If it fell, the knock-on effect was absolutely unpredictable. So the Fed said, rather than let this happen, we'll step in and bail out this company.
MARTIN: Gretchen Morgenson of the New York Times wrote about this over the weekend and suggested that Bear was a major promoter of the most questionable subprime loans. Wouldn't that suggest that they were some of very people who contributed to the crisis they are now in?
HALL: Oh, there's no doubt that every company that created these subprimes mortgages are absolutely culpable here, but the government also looks at the size of these companies. And if you want to think them as sort of big octopuses with tendrils reaching out way into the world, so if you let the octopus die, who knows where that tendril reaches beyond the horizon, that there'll be a knock-on effect. And the U.S. government now says that these octopi are too big to die. They're too big...
MARTIN: So there really is such a thing as too big to fail?
HALL: That's exactly what you see at this point.
MARTIN: So never the less, JP Morgan Chase did buy Bear Stearns at a steep discount...
HALL: I think you can call it a fire sale price.
(Soundbite of laughter)
MARTIN: So does this really have any benefit then? Is there really any beneficial effect?
HALL: Well...
MARTIN: Is there really that much difference between going out of business and being bought at such at a bargain basement price?

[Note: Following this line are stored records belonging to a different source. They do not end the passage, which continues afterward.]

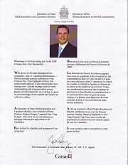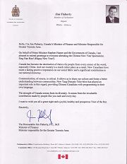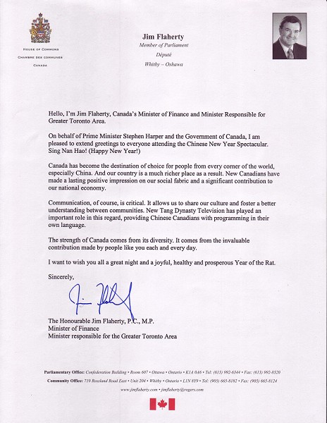 财政部部长吉姆•福莱赫提(Jim Flaherty)同时兼任大多伦多地区事务部长。他在贺信中表示,代表总理斯蒂芬.哈珀和加拿大政府,他非常高兴能够向每一位参加全球华人新年晚会的观众表示问候和祝贺。
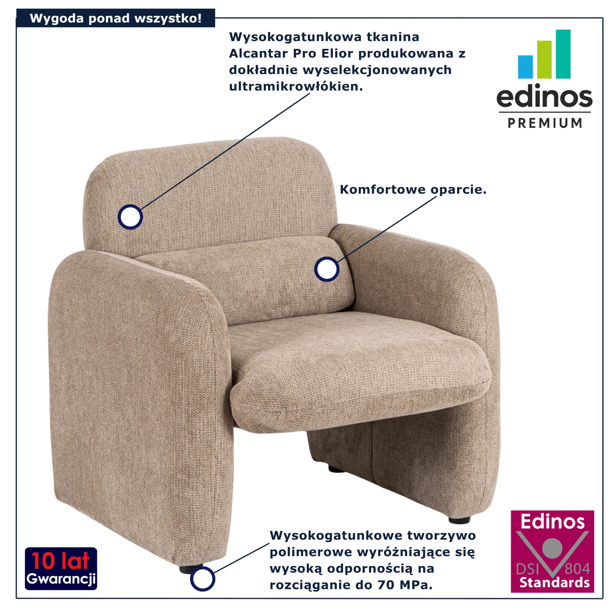 • Produkt posiada certyfikat jakości "Edinos Standards DSI 804", który potwierdza najwyższą jakość wykonania mebla oraz pełny stopień zgodności poszczególnych jednostek wytworzonego wyrobu z przyjętym wzorcem.
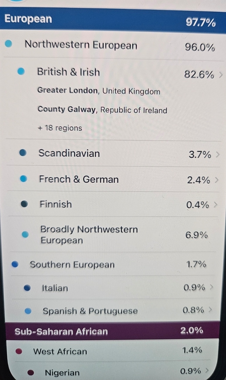 She’s American, from Indiana, with blonde hair and blue eyes.I never would’ve guessed she had any Black ancestry.I’m really pissed off about it.
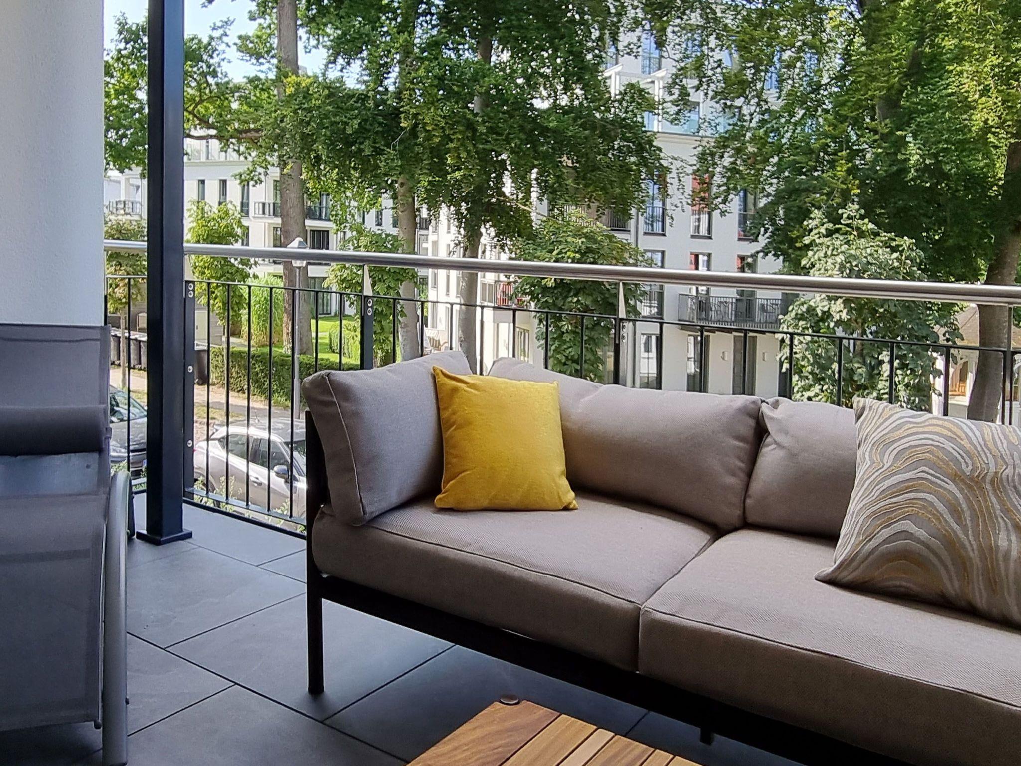 The outdoor area impresses with a spacious 11 m² loggia furnished with comfortable lounge furniture - the perfect place to look out to the sea in peace and quiet and unwind. The proximity to the beach, just 200 metres away, invites you to take spontaneous walks by the sea. The flat also has a bio sauna for up to 4 people, where you can find complete relaxation. For your convenience, a reserved parking space is available in the underground car park, and there are special spaces for storing bicycles and for your handcart or pram.
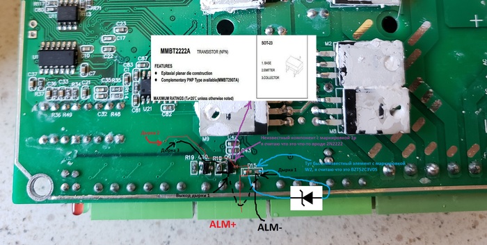 В процессе экспериментов по ошибке даю в аларм настоящие 24в без сопротивления и один контроллер сгорает, вернее сгорает его аларм выход. Это очень печально, особенно в контексте того что новый контроллер будет ехать ещё пару месяцев. Я не особенно специалист в радиоэлектронике, и богат только теми знаниями что были в школьной программе. В отчаянии иду на форумы, там тоже такие себе советы, не самые полезные.
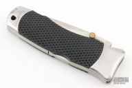 This SOG Winder II lock back by SOG features a satin finish blade with false top edge and dual thumbstuds. The handle has satin finished stainless steel bolsters, liners and backspacer, checkered rubber scales. Strong lock up. Has some light scratches and some oxidation on the butt, otherwise good condition.
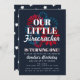 Celebrar com isso, nosso pirata está virando um Convite de festas de primeiro aniversario! Este encantador convite foi feito para celebrar o primeiro aniversário de uma criança com um tema festivo e patriótico. A frase "O nosso Pequeno Firecracker" contra uma ilustração de fogos de artifício vermelhos e azuis sobre fundo de marinho acrescenta um toque lúdico e carinhoso, simbolizando a personalidade enérgica e vibrante da criança.

HALL: Well, people would argue, who own shares in Bear Stearns, that there is a difference. A lot of people are saying, you know, if we let the company go bankrupt and liquidated the company, we'd still end up with more money than we're getting in this two-dollar deal. The market place says this two-dollar deal protects the overall market. There's no doubt that JP Morgan Chase has got a steal. What they're probably going to do is to keep the core businesses that they're interested in, and then they'll sell off all the assets and recoup their money.
MARTIN: So I think what most people want to know is what does that have to do with me?
HALL: Well...
MARTIN: I mean, if you're a Bear Stearns shareholder, that's one thing. But let's assume most of us aren't.
HALL: If you have money in the stock market at this point, it's time to sit down and determine if you can tolerate this risk. Maybe it's time to move some of your assets into cash, and sit on cash. If you're continuing to contribute to your 401(k) program, rather than letting it go into the mutual fund, put it into a money market account. Do something a little bit more conservative with your money. I have a feeling that this turmoil is going to last a lot longer than anybody is willing to admit.
Some people who can absorb this risk will look back down the years and say I was really smart. Look at how well I'm retired. Some of us will say I was comfortable.
MARTIN: OK. Well, hopefully, well, spring is coming. That's something to look forward to, right?
HALL: Yes. Spring is coming, and we can all go out and sit in the sun, feeling a little bit poorer.
(Soundbite of laughter)
MARTIN: OK. Alvin Hall joined us from our bureau in New York. Alvin, thank you.